Cell and gene therapies are poised to provide a vast new arsenal of therapies to treat disease. Much like monoclonal antibody manufacturing in the early 1980’s, cell and gene therapy manufacturing is constantly evolving with improved fit-for-purpose technologies being developed to meet expanding industry need. Despite smaller volumes, cell and gene therapy manufacturing is more complex and labor intense than protein-based biologics. Cell and gene therapy processing requires multiple steps and procedures including cell separation, concentration, washing and others. For a successful cell therapy to be produced, it is important to be able to conduct these activities as simply, safely and efficiently as possible.
The Rotea System
A recent poster presented at American Society of Gene and Cell Therapy annual meeting 2021, Building New Cell Therapy Workflow Solutions by Leveraging the Flexibility of the Rotea System’s Closed Automated Cell Processing Technology, highlights a highly efficient, closed and automated system for cell processing. The Gibco™ CTS™ Rotea™ Counterflow Centrifugation System is a fit for purpose solution to enable safe and cost effective cell therapy workflows with scalable throughput and continuous processing of up to 20L .

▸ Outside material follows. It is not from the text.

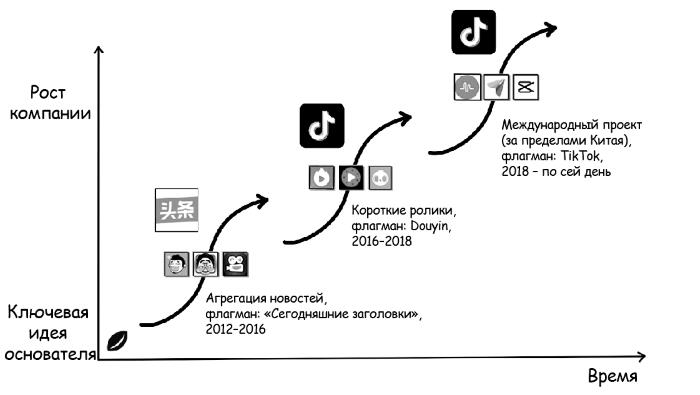Каждый этап развития выстраивался непосредственно на продуктах и технологиях, разработанных на предыдущей стадии. Успех TikTok был обусловлен репликацией практики его внутрикитайской сестры Douyin – ее технологий, ее опыта работы с продуктом и схем продвижения. А успех Douyin, в свою очередь, был основан на рекомендательной системе, опыте работы и денежных резервах новостного агрегатора Toutiao – приложения, чье название известно в Китае даже ребенку. И наконец, что не менее важно, успех Toutiao был плодом дальновидности и решительности основателя ByteDance Чжана Имина.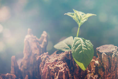 New Life concept with seedling growing sprout (tree). business development symbolic. A strong seedling growing in the stumps. Concept of building a future focus on new life. hope, freedom, life.

A key feature of the Rotea system is its gentle isolation for even the most sensitive cells. It employs counterflow centrifugation (CFC) that suspends cells in a fluidized bed by exerting a constant flow force opposite centrifugal forces to provide capabilities otherwise impossible in traditional centrifuges. Fluid suspended cells are concentrated without forming a pellet in the cone and then are washed quickly and efficiently with high recovery rates. Due to the reduced cell density, dead cells can be removed to optimize viability before delivery. By fine-tuning centrifugal speed and flow rate, cell types of different sizes can be effectively separated.
Closed systems are particularly desirable in clinical and commercial cell therapy operations as they offer the highest containment and product safety protection. The ability for the Rotea system to function as a closed instrument provides a cost benefit as well, because one equipment capital expenditure can be utilized from research through commercial manufacturing.
In addition, using the same equipment from research through process development and manufacturing can cut process development times and delays by eliminating the need to learn and optimize new systems. Closed systems also reduced the requirements and associated costs for clean room space as they can operate in a Class C environment, thus reducing the need for Class B space that is more costly to set up and operate. It also supports a flexible facility by permitting multiple batches to be processed in a shared clean room.
The Rotea system is highly versatile enabling several cell therapy workflow operations. It operates using programmable software that allows users to create and optimize a wide range of protocols for cell separation, washing and concentration. This enables users to conduct many operations in a single system (Table 1), thus reducing overall footprint and valuable facility space. Using a proprietary technology, low output volumes can deliver as little as 5 mL of concentrate. A universal kit is available as a consumable for different cell types and applications. Another unique feature, the Gibco™ CellCam™ is a color camera that visualizes cells live in a fluidized bed, enabling CFC parameter optimization. This allows users to easily fine tune protocols for each application.
High Quality Results
Cell therapies rely on cell isolation, wash and concentration. Increasing the productivity of these processes permits quicker turnaround time for patients and also can reduce the cost of cell therapy manufacturing. Automation is a key component of improving efficiency. The Rotea system is designed to efficiently isolate peripheral blood mononuclear cells (PBMC) from leukopaks and wash and concentrate T cells (Figure 1), two vital steps in many cell therapy workflows.
A common method for cell separation is to use a density gradient such as Ficoll. When compared to Ficoll separation, T cells processed using the Rotea system exhibited similar quality through expansion with thorough platelet and red blood cell (RBC) depletion (Figure 2). The primary difference is that the Rotea system separation is much more efficient, requiring less than 30 minutes while maintaining a closed system as compared with the two hour open process for the Ficoll separation.
High Viability and Recovery
The Rotea system can achieve approximately 90% PBMC recovery from a leukopak bag in combination with a red blood cell lysis buffer across multiple donors (n=7) (Figure 3). For frozen leukopaks, the average viability and recovery exceeded 90%. Thus, demonstrating similar efficacy with fresh and frozen leukopaks. In this experiment, the Rotea system was also used to remove cryopreservation medium and wash into growth medium. Similar viability and recovery results were demonstrated for natural killer (NK) cells (data provided in poster).
A key element of successful cell therapies is the quality of the cells. In Figure 4, T cell recovery and viability over 90% was demonstrated for ten runs of wash and concentrate. A comparison was made between the composition of CD4+ and CD8+ cells before and after wash and concentrate. The populations were consistent between the two analyses, thereby demonstrating that cells were unaffected by Rotea system processing.
The Rotea system provides an efficient, flexible, and cost-effective solution for cell therapy processing. Data demonstrates high recovery, viability and quality of both T cells and NK cells after processing by the Rotea system. Lastly, its closed single-use kit permits smooth transition from research through commercial manufacturing while minimizing risk of contamination.